## THE TASK
Note on the material below: return exactly the lines from the line that holds "The release kit" through the line that holds "Lichterstrang mit Holzsternen", and leave out each picture.

[Start of section]

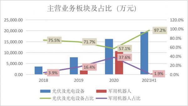公司主营业务主要分为两大部分,即光电侦察设备和军用机器人。2021年上半年,军用机器人业务板块占比大幅下降至1.9%,光电侦察设备占比直接提升至97.2%。公司表示,主营业务收入规模受最终用户军方采购计划的影响,公司主要产品实现的销售收入具有一定的波动性。
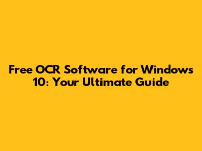 Free OCR Software For Windows 10: Download & Guide
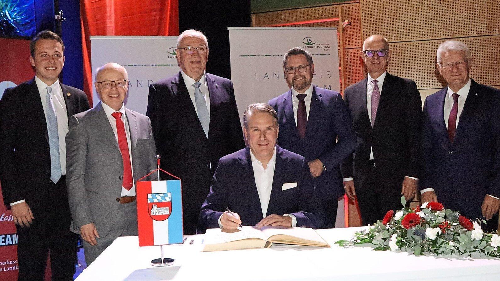 Ganz analog trägt sich Prof. Dr. Christian Stummeyer im Gästebuch des Landkreises ein. Mit im Bild: Julian Preidl, Franz Wittmann, Franz Löffler, Dr. Gerhard Hopp, Walter Jonas und Theo Zellner (von links).
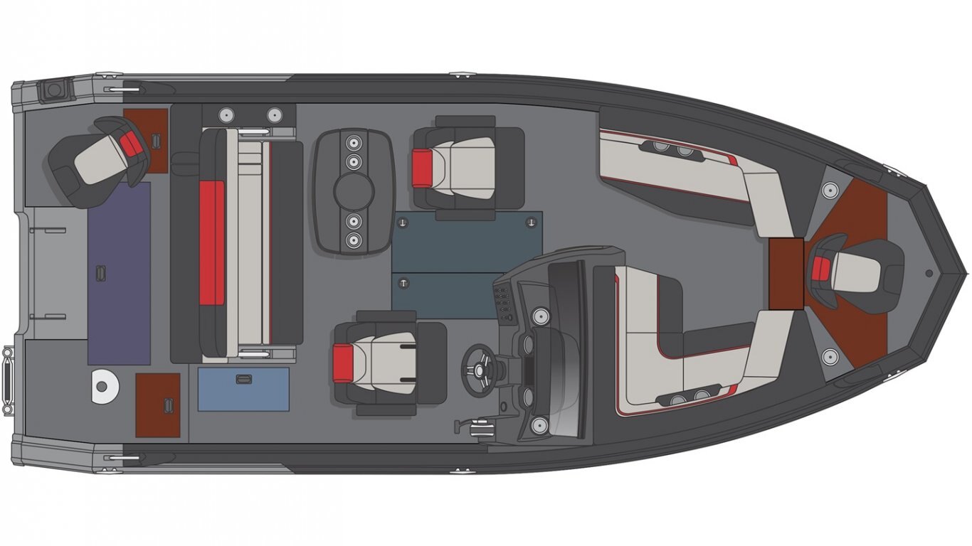 Stern boarding ladder Built-in floor fuel system 2 electric bilge pumps (500 gph) 4 battery trays Navigation lights Interior lighting Stainless steel propeller (standard on 175 HP engines and up) Cup holders Holding handles Select dark grey vinyl floor covering (Teak Supreme Solid Dark)
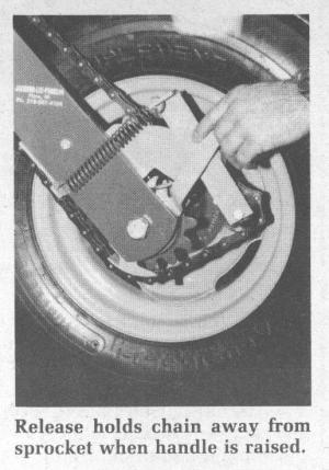 The release kit attaches to the drive sprocket. A half-moon shaped release slides in between the chain and the sprocket, suspending the chain so drive components stay at rest during transport. A spring-loaded release quickly flips the handle back down when you switch back to field position.
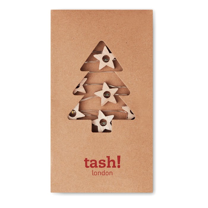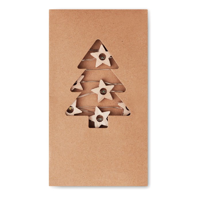 Lichterstrang mit Holzsternen und 20 LED-Lichtern. Der Ein/Ausschalter befindet sich im Batteriefach. Verpackt im kleinen Karton. Exkl. 2 AA Batterien.
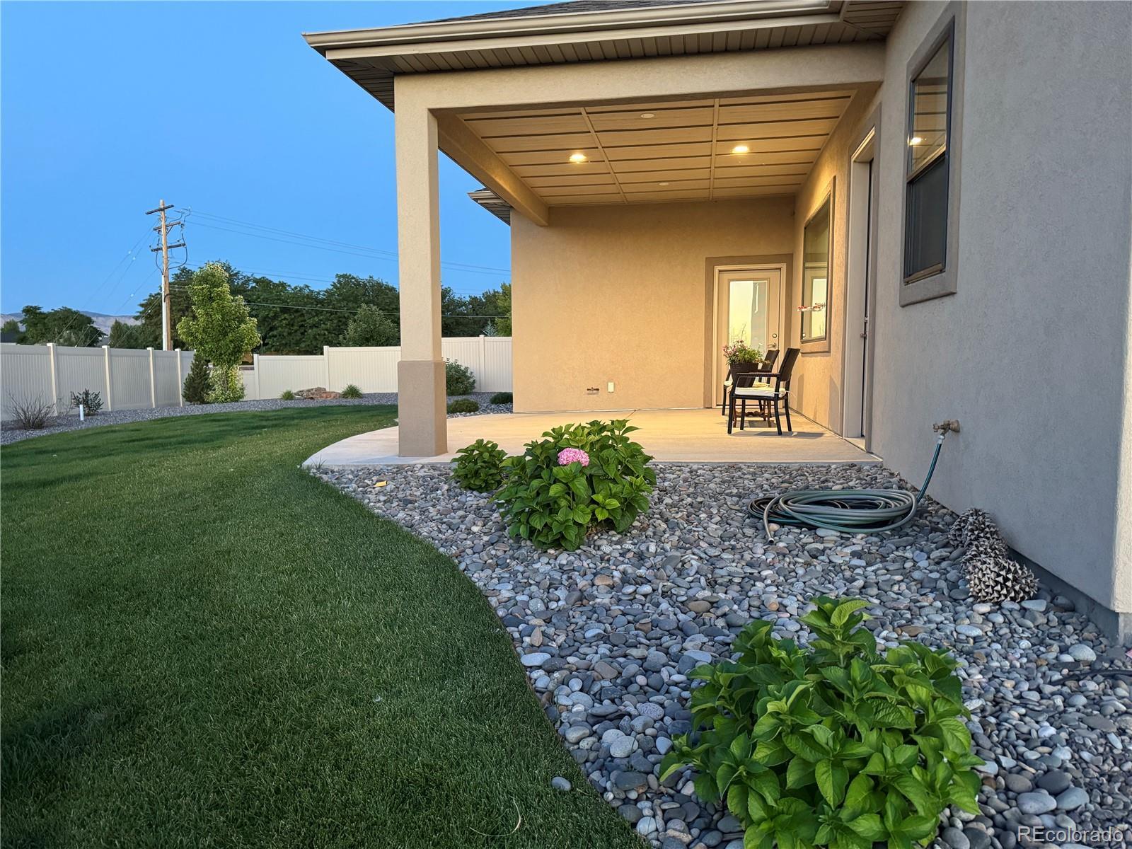Stunning high quality patio home in South Montrose built by Coker Homes! There are SO many upgrades: Hunter Douglas blinds - all with remote controls; upgraded Kitchen Aid appliances with double oven; Amish cabinets including both sides of the kitchen island; stone gas fireplace to the ceiling; two tone paint throughout the home; luxury vinyl tile; master tiled shower with pebble flooring; 10-foot ceilings with heating filters in the ceiling; recessed lighting in all rooms; motion lights in laundry and both bathrooms; oversized master bedroom with very large walk in closet; oversized two car garage with beautiful flooring covering and easily fits two cars with room for equipment and storage; covered patio with lighting and gas hook up; and beautiful wrought iron front door that opens with a screen door built in. The kitchen features dovetailed drawers with soft close slides. Shelves in the kitchen cabinets pull out for easy access to pots and pans. This home is so inviting and zero entry from both the front door and garage. There are mountain views to the east. The layout features a desirable split bedroom plan, offering privacy with guest bedroom and a full bath on one side, and a grand primary suite on the other. The third bedroom (nonconforming without a closet) has a queen bed in it. Very unique property - the HOA includes all mowing, fertilizing and snow removal in winter. The fee also includes the irrigation water for the yard. Fully fenced yard with extensive landscaping including sprinklers. The home is located at the end of a cul-de-sac with very little traffic. This home is close to all shopping including grocery stores, Home Depot, Walmart and Target. The Montrose Recreation Center is only one block away. Make this your easy get-a-way home with no worries! Videos available upon request.
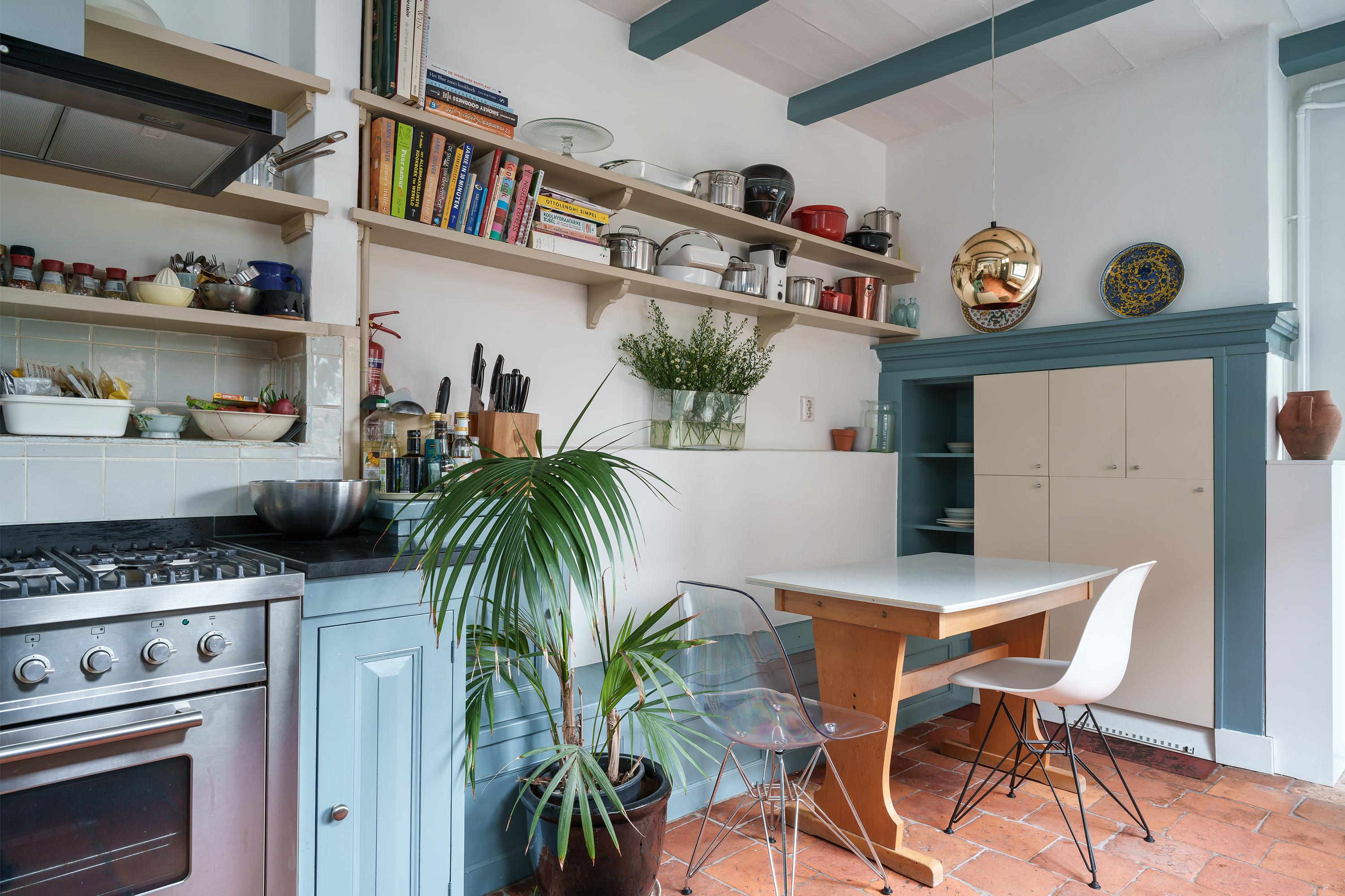 The country-style kitchen is equipped with a Quooker and a gas stove with oven and is directly connected to the living area and also to the central hall. This makes this space the real central living area of the house. A fixed dining bench has been installed here, creating a cosy dining area. The kitchen also has built-in cupboard space. From the kitchen, you have access to the outdoor area and the adjoining study. A nice detail: the beautiful façade in this kitchen, which features an old farmhouse door (two parts that open) with a skylight, beautiful old hinges and locks, and windows that provide plenty of light and, above all, atmosphere.
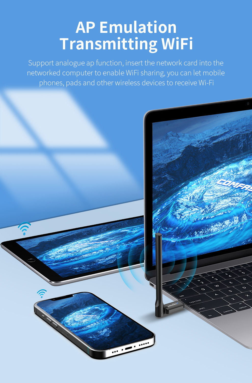 Support analogue ap function, insert the network card into the networked computer to enable WiFi sharing,
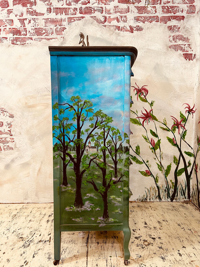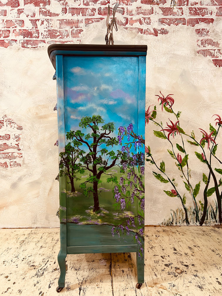This hand-painted vintage dresser has been reimagined as one-of-a-kind furniture art, blending coastal blue tones with soft floral undertones. Each brushstroke adds depth and texture, turning a solid vintage piece into original furniture artwork that feels like the last light of the day spilling into a quiet room.
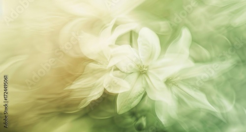 Ethereal Bloom: A delicate floral composition with soft, blurred edges, where gentle petals in dreamy tones of gold and jade dance in a display of natural elegance.
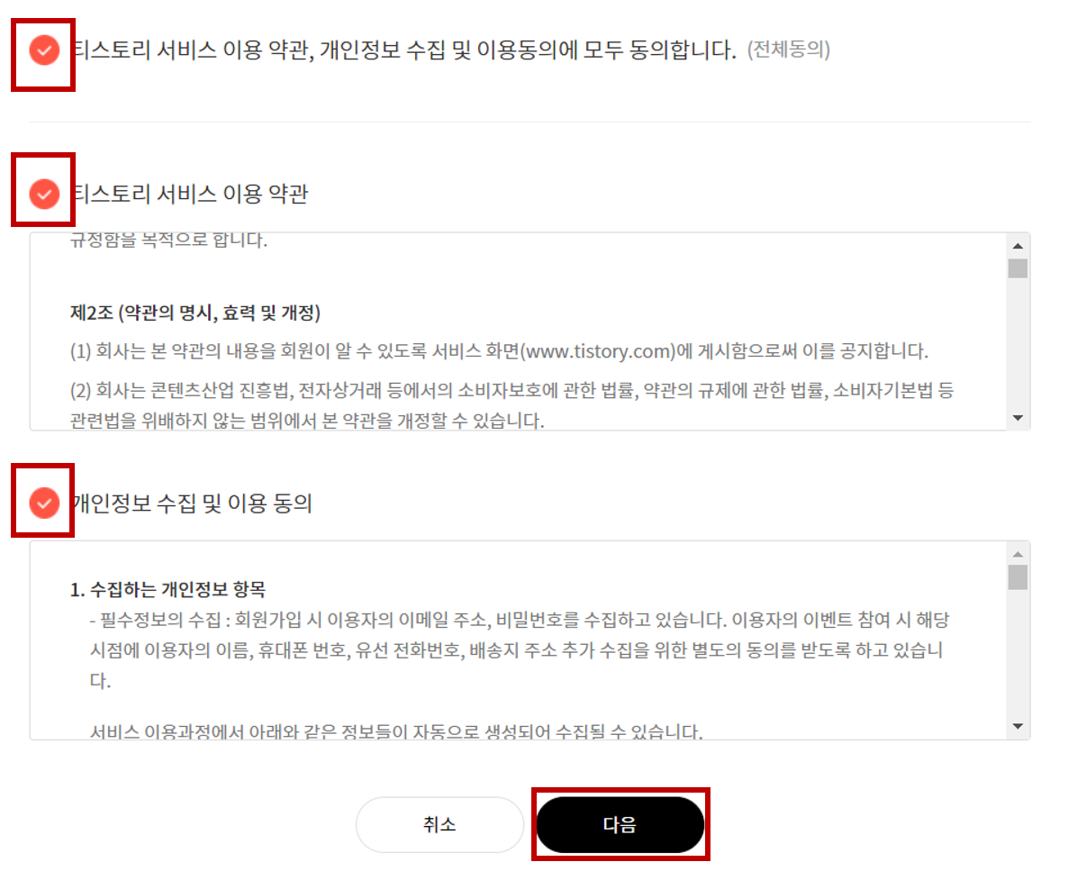 가입하기를 누르면 다음 화면이 나오게 됩니다. 모두 체크를 해주시고 다음 버튼을 눌러주세요.
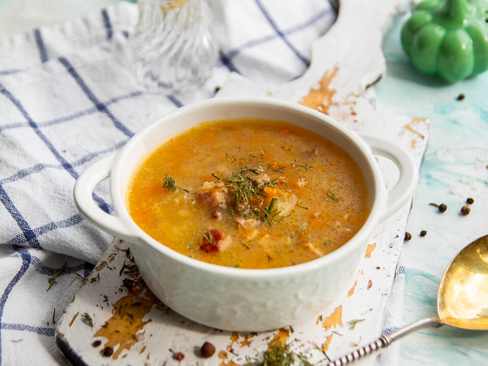 Готовится в трапезной «Изборск-парк из копченой рульки, маринованных огурцов, картофеля, томатов, чеснока, редьки и кабачков. Подается со сметаной и зеленью.
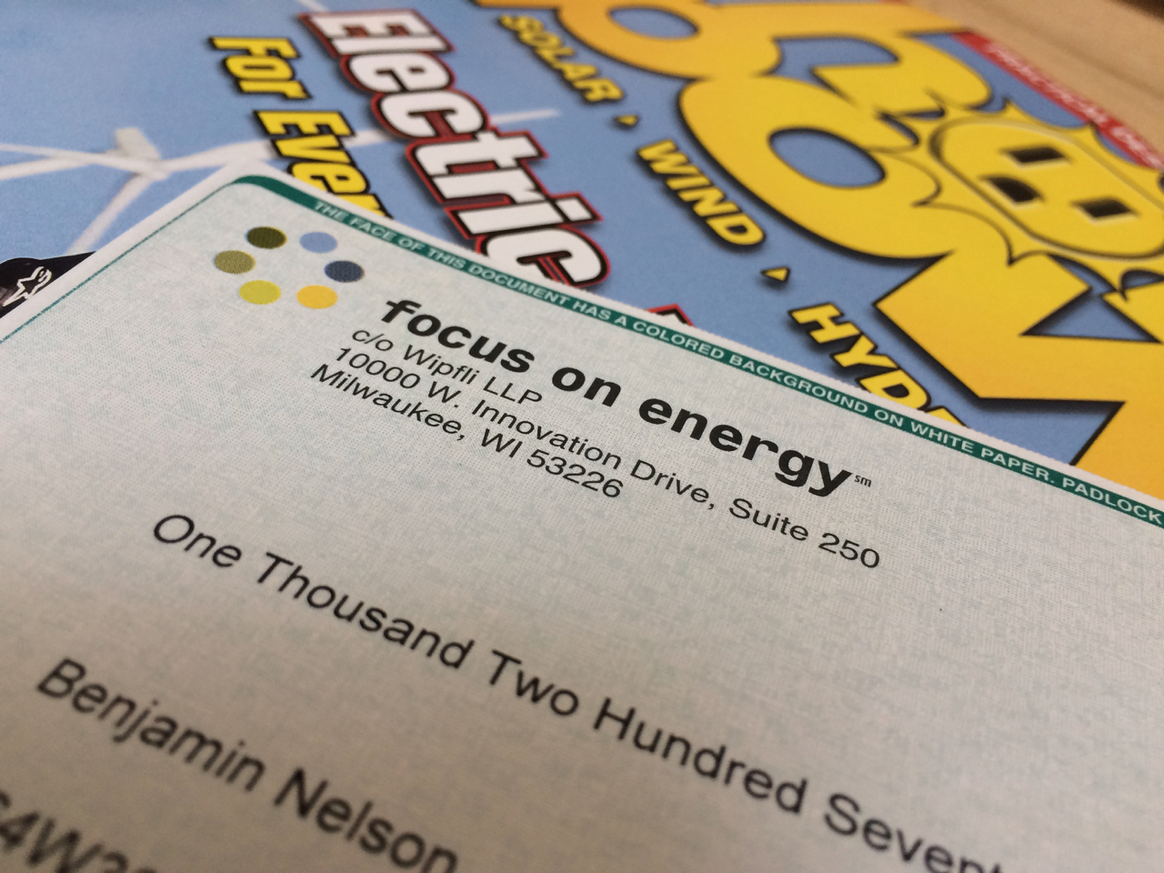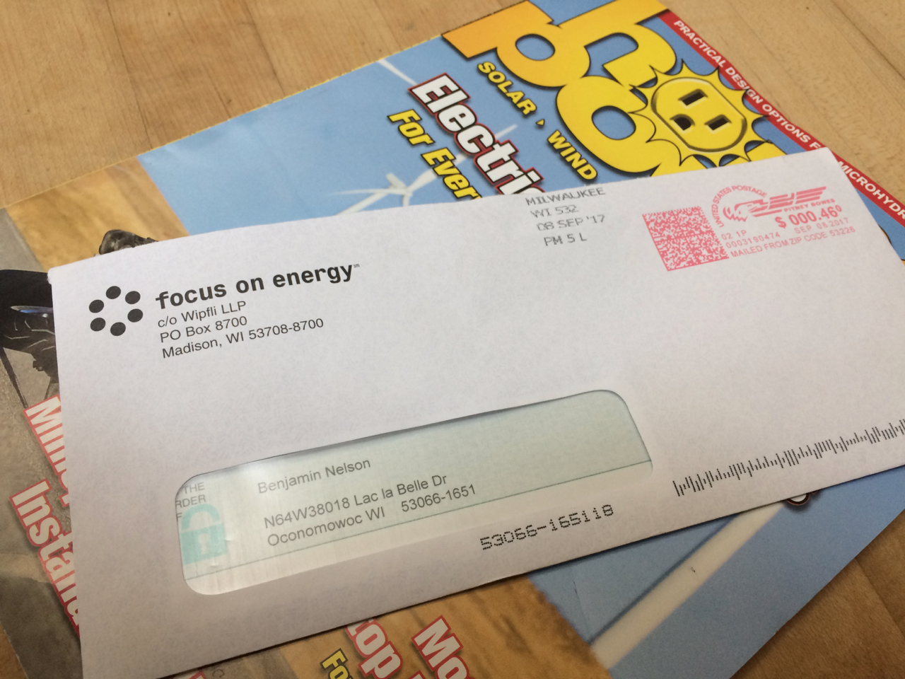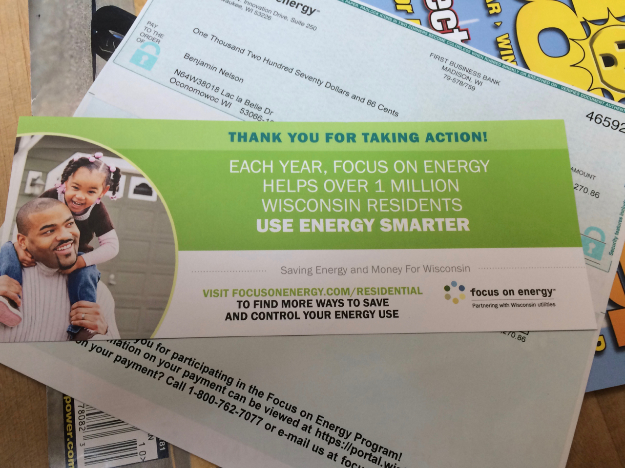 I was pretty excited today. When I went to my mailbox, not only did I get my latest issue of HOME POWER magazine, I also got an envelope from Focus On Energy. Just above my name and address, I could make out the words “PAY TO THE ORDER OF”…

[End of section]

## TASK SOLUTION
 The release kit attaches to the drive sprocket. A half-moon shaped release slides in between the chain and the sprocket, suspending the chain so drive components stay at rest during transport. A spring-loaded release quickly flips the handle back down when you switch back to field position.
 Lichterstrang mit Holzsternen und 20 LED-Lichtern. Der Ein/Ausschalter befindet sich im Batteriefach. Verpackt im kleinen Karton. Exkl. 2 AA Batterien.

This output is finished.